If you’ve got a kid on an iPhone or an iPad, this week’s iOS 13.3 update (as well as iPad OS 13.3)has some serious parental controls that we think you’ll be happy to know about.
Introducing Communication Limits
Starting his week, there’s a new Communication Limits section that you’ll find under Screen Time. (I’m sure you know where that is by now! If not, this article will help.) Once there, you can set approved hours for texting on iMessage, phone calls, and FacetTime, the same as you can for apps — and additionally, limit who they can contact, specifically.
This will come as a major relief to a lot of parents trying to help kids cut down on social screen time.
Not that it impacts WhatsApp or Instagram, but it’s a pretty big deal and an excellent start.
Related: Does Gmail have parental controls? Well, here’s the deal.
Now You Can Block Specific Contacts
With the update, you can now block unknown contacts, so kids can only be reached by people already in their address books. But during their “restricted” time, called Downtime — say, during school hours, or after bedtime — you can open it just to parents, grandparents, or siblings. That way, they’re not up texting under the covers when they’re supposed to be sleeping, but they’re still able to get a call from a parent on a business trip, for example, or text a grandparent in a different time zone to say happy birthday.
Control Your Child’s iCloud Contact List
Now while our team believes in giving kids training wheels, and the flexibility to learn and grow through increasingly earned independence, I know that some kids need more guardrails than others — and thus, more restrictions.
For them, there’s another feature for parents: The ability to have full control of your child’s own iCloud contact list. That means you can add or edit contacts so you have a better sense of just who they’re texting anyway.
In our Out Tech Your Kids group on Facebook (join us!) there are often questions about how to monitor your kids’ texts from your own iPhone. You can’t do that — iPhones aren’t specifically designed with young children in mind. But this does give those parents some more control.
Allow apps…or not
You can still enable Family Sharing and set it up so you have to approve every download. (Highly recommended.)

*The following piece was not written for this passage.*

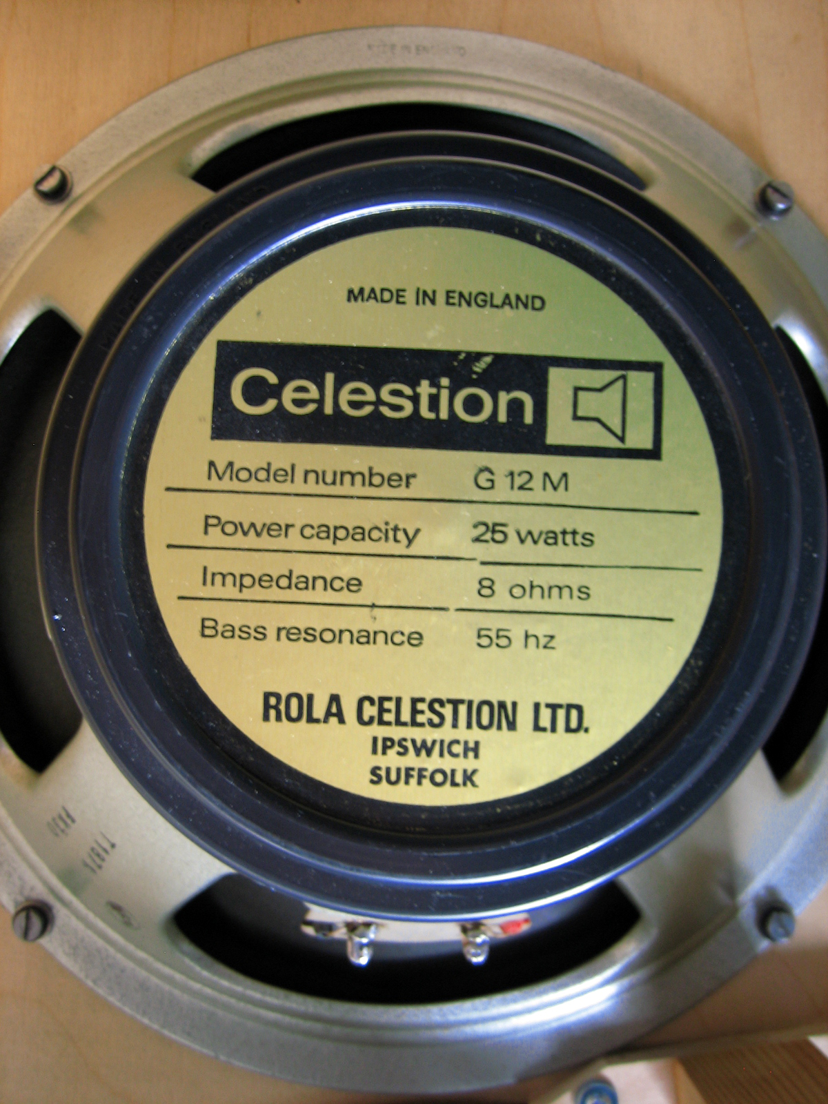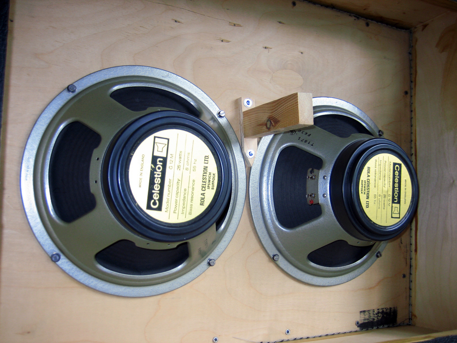 Also, I’ve loaded the cab with a pair of G12M T1871, 25 watt, 55Hz, 8 Ohms (original ‘444’ stamped Kurt Mueller cone, FK30 = 30th June 1977), same date code for both, and they sound dead killer. They are wired in series. This cab now is the perfect weapon for small venue and studio recording, it works great in association with my 1987 ’68 species Marshall Head clone. It’s an evidence that both love Stratocaster !^).

Additionally, you can disallow certain apps at any time by going to Settings > Screen Time > Content & Privacy Restrictions > Allowed Apps
That includes built-in apps like Mail, Safari, FaceTime, and even the Camera — something a lot of parents don’t realize.
About Emergency Calls During Downtime…
Oh, and one more thing: I was wondering about emergency calling, and I’m glad that Tim Hardwick at MacRumors clarifies that calls to emergency numbers are never blocked. He also writes that if an emergency call is made, that any communication limits you’ve set will be turned off for 24 hours to be sure kids can get in touch with anyone they need.
However, don’t let any sneaky kids call 911 as a way around your limits. IMO that would trigger an automatic. “No phone for you.”